Any element whose prefix matches a namespace listed in the extension-element-prefixes attribute of an enclosing element is treated as an extension element. If no class can be instantiated for the element (for example, because no ExtensionElementFactory can be loaded, or because the ExtensionElementFactory doesn't recognise the local name), then fallback action is taken as follows. If the element has one or more xsl:fallback children, they are processed. Otherwise, an error is reported. When xsl:fallback is used in any other context, it and its children are ignored.

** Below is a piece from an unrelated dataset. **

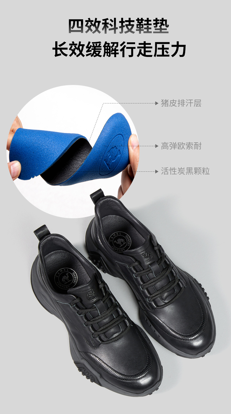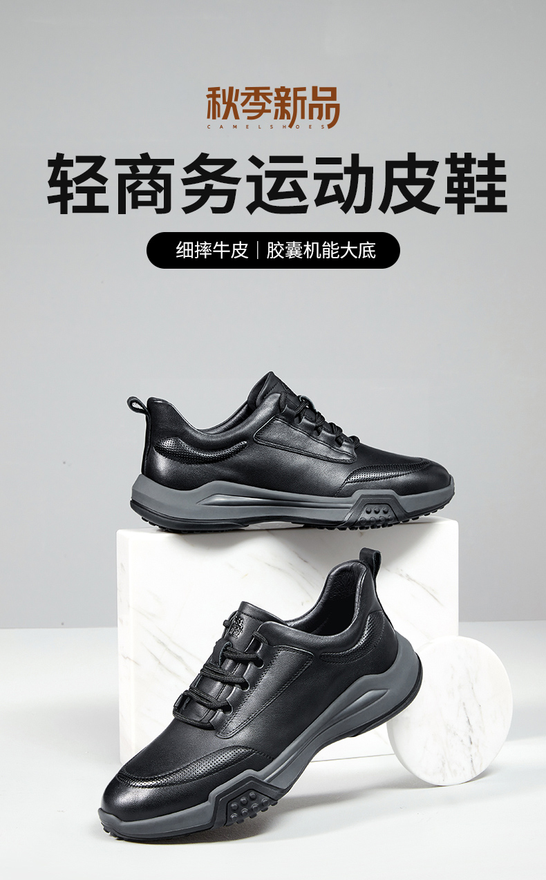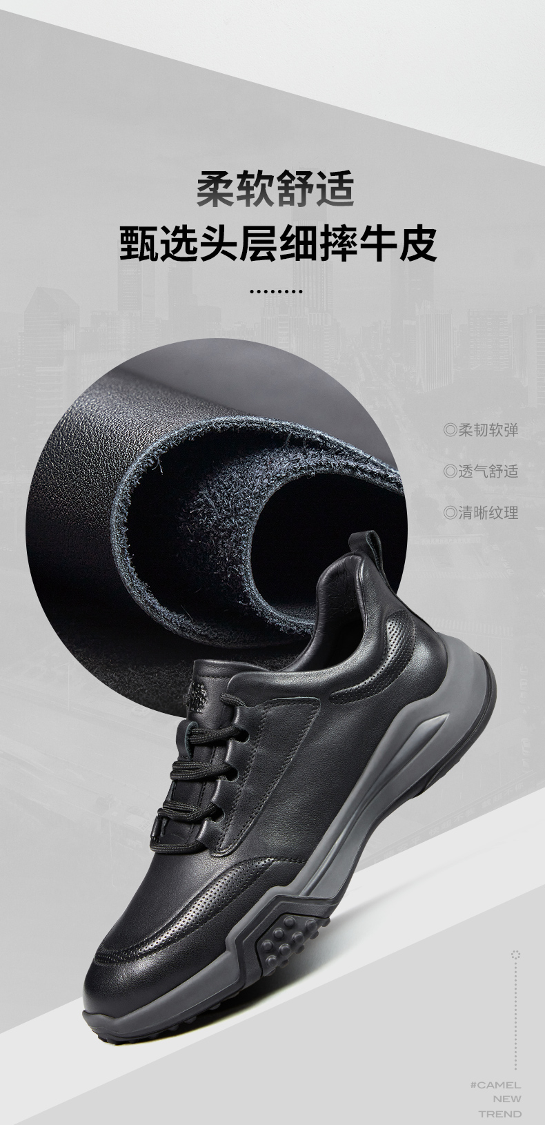 骆驼男鞋2025秋季新款真皮男士休闲鞋潮流黑色百搭商务运动皮鞋男 GE12235237

It is also possible to test whether an extension element is implemented by using the system function element-available(). This returns true if the namespace of the element identifies it as an extension element (or indeed as a standard XSL element) and if a class can be instantiated to represent it. If the namespace is not that of an extension element, or if no class can be instantiated, it returns false.

Writing Java node handlers

A Java node handler can be used to process any node, in place of an XSL template. The handler is nominated by using a saxon:handler element with a handler attribute that names the node handler class. The handler itself is an implementation of com.icl.saxon.NodeHandler or one of its subclasses (the most usual being com.icl.saxon.ElementHandler). The saxon:handler element must be a top-level element, and must be empty. It takes the same attributes as xsl:template (match, mode, name, and priority) and is considered along with xsl:template elements to decide which template to execute when xsl:call-template or xsl:apply-templates is used.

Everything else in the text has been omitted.